Assigned task
Output exactly, and only, the lines below from the one with "The discovery of" down to the one with "of those items.". Include both end lines and no pictures.

Record extracts
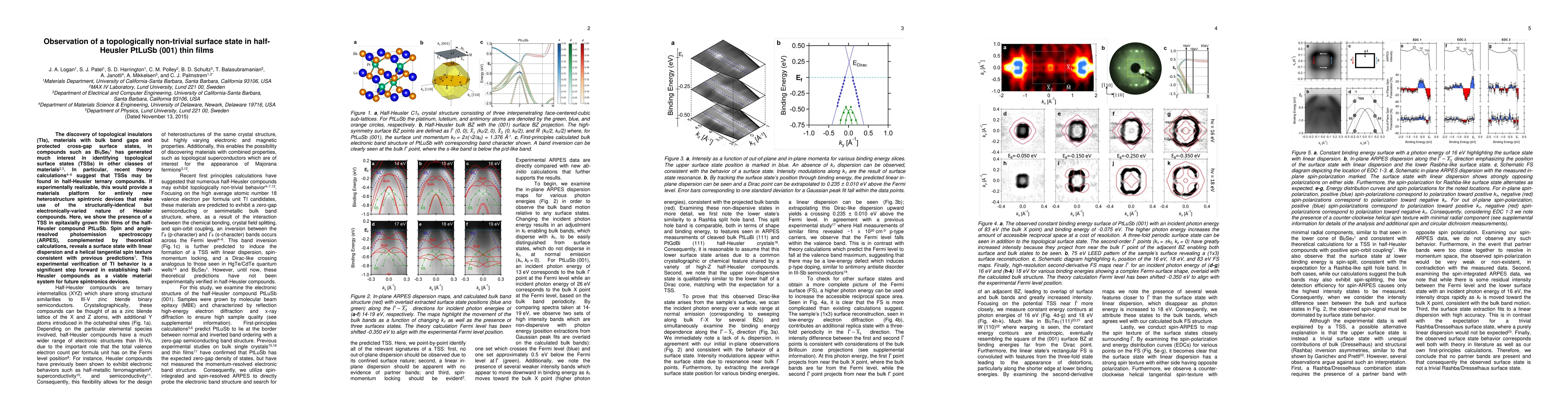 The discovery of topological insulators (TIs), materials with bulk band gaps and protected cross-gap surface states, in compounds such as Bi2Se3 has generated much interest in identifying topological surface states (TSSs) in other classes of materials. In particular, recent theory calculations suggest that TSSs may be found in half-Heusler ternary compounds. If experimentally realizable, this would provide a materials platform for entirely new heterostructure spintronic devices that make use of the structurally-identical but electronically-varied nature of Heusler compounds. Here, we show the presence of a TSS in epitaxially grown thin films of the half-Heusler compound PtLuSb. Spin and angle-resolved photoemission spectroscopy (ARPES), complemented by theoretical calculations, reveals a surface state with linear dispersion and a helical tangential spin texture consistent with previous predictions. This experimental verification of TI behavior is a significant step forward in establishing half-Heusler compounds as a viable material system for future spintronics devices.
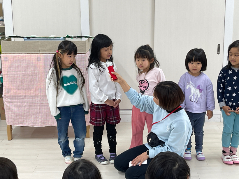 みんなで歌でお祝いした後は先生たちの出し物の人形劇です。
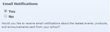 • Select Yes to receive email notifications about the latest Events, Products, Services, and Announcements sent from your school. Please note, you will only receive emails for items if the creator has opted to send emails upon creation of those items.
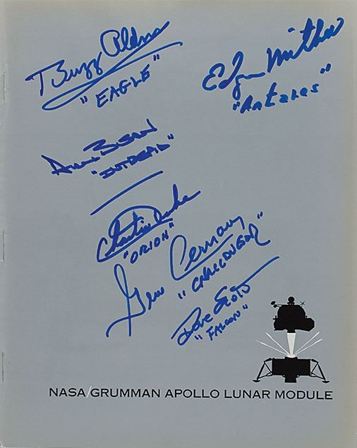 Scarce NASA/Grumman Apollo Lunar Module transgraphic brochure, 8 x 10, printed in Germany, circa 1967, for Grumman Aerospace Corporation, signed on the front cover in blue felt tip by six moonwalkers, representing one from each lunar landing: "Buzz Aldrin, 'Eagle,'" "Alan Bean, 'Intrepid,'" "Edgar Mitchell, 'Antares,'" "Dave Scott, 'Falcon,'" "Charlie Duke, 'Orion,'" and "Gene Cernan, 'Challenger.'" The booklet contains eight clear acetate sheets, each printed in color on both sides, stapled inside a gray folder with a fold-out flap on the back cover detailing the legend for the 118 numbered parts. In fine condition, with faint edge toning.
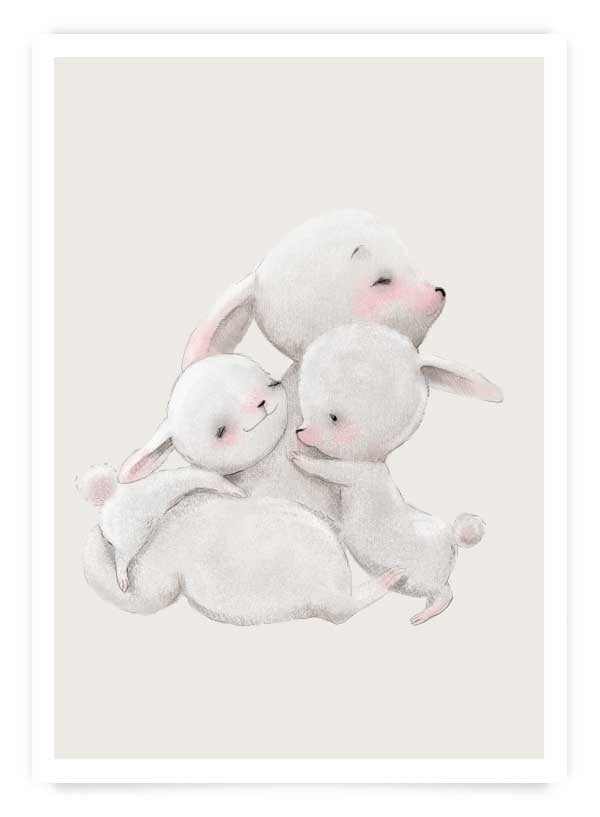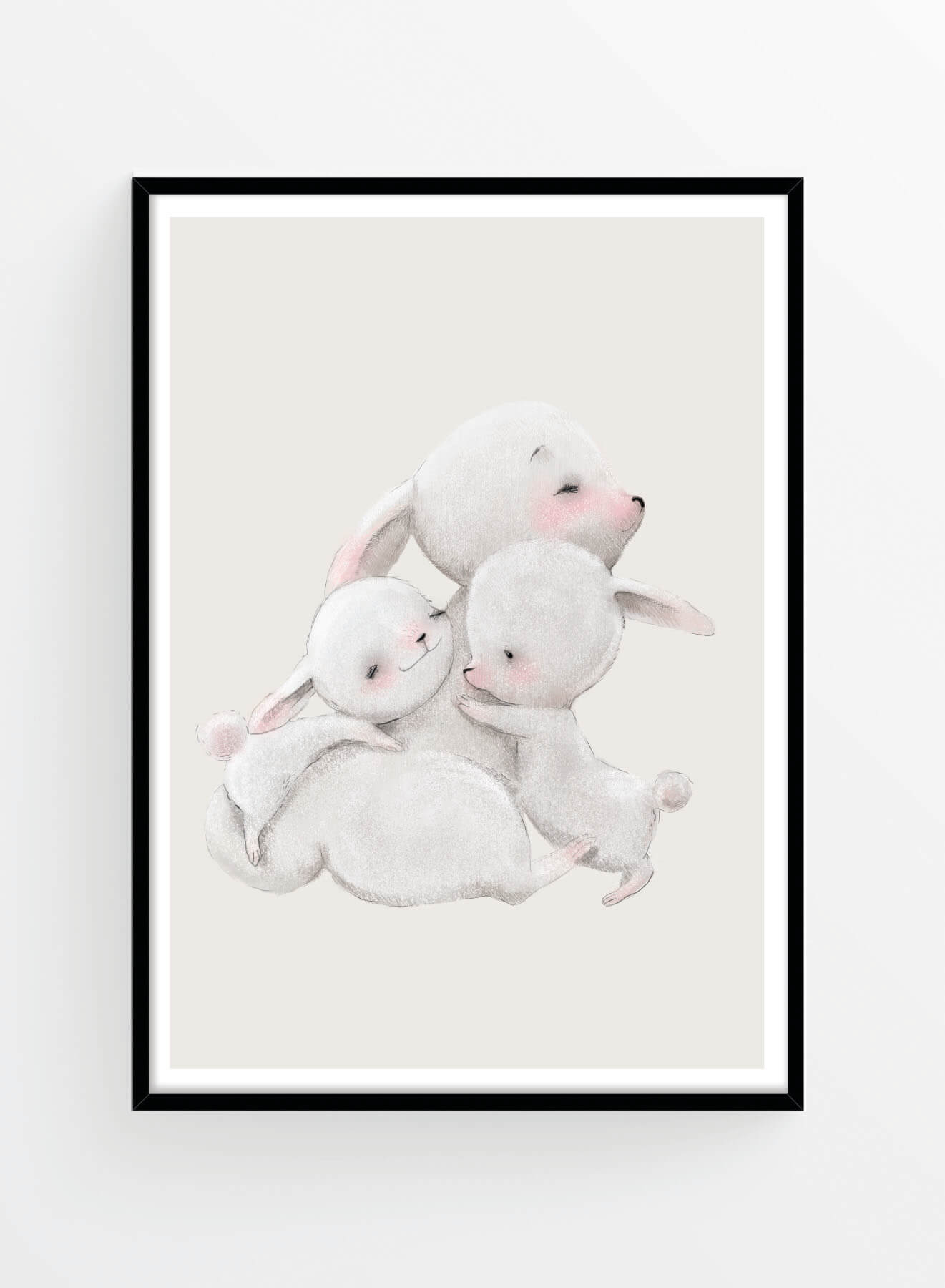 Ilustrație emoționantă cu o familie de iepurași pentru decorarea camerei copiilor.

* * *

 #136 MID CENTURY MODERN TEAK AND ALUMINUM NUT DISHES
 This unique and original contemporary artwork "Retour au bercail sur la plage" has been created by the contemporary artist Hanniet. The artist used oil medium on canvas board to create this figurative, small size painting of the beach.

...

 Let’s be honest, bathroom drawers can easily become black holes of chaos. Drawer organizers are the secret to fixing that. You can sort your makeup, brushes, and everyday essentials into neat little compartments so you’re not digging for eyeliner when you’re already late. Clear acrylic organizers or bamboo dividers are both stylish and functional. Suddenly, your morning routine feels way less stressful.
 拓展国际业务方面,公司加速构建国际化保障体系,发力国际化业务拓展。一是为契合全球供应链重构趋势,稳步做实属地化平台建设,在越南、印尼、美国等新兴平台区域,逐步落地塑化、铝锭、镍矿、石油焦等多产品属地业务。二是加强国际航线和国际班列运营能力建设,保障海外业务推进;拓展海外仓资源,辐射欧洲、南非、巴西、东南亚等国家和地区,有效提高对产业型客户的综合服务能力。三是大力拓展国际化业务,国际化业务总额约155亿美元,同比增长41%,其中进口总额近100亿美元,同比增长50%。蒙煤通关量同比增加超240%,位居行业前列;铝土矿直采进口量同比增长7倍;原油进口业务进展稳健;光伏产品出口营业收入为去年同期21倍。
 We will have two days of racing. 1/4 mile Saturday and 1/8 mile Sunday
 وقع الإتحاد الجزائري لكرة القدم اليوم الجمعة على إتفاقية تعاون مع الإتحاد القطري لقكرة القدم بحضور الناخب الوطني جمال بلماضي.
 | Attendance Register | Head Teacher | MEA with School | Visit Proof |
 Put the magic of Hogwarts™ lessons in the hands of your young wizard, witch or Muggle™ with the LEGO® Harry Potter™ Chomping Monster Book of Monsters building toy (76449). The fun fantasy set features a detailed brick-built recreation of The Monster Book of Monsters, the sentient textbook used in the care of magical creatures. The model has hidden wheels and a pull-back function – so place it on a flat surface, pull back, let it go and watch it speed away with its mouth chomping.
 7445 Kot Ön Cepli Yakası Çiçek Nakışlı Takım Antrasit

Answer for this exercise
 The discovery of topological insulators (TIs), materials with bulk band gaps and protected cross-gap surface states, in compounds such as Bi2Se3 has generated much interest in identifying topological surface states (TSSs) in other classes of materials. In particular, recent theory calculations suggest that TSSs may be found in half-Heusler ternary compounds. If experimentally realizable, this would provide a materials platform for entirely new heterostructure spintronic devices that make use of the structurally-identical but electronically-varied nature of Heusler compounds. Here, we show the presence of a TSS in epitaxially grown thin films of the half-Heusler compound PtLuSb. Spin and angle-resolved photoemission spectroscopy (ARPES), complemented by theoretical calculations, reveals a surface state with linear dispersion and a helical tangential spin texture consistent with previous predictions. This experimental verification of TI behavior is a significant step forward in establishing half-Heusler compounds as a viable material system for future spintronics devices.
 みんなで歌でお祝いした後は先生たちの出し物の人形劇です。
 • Select Yes to receive email notifications about the latest Events, Products, Services, and Announcements sent from your school. Please note, you will only receive emails for items if the creator has opted to send emails upon creation of those items.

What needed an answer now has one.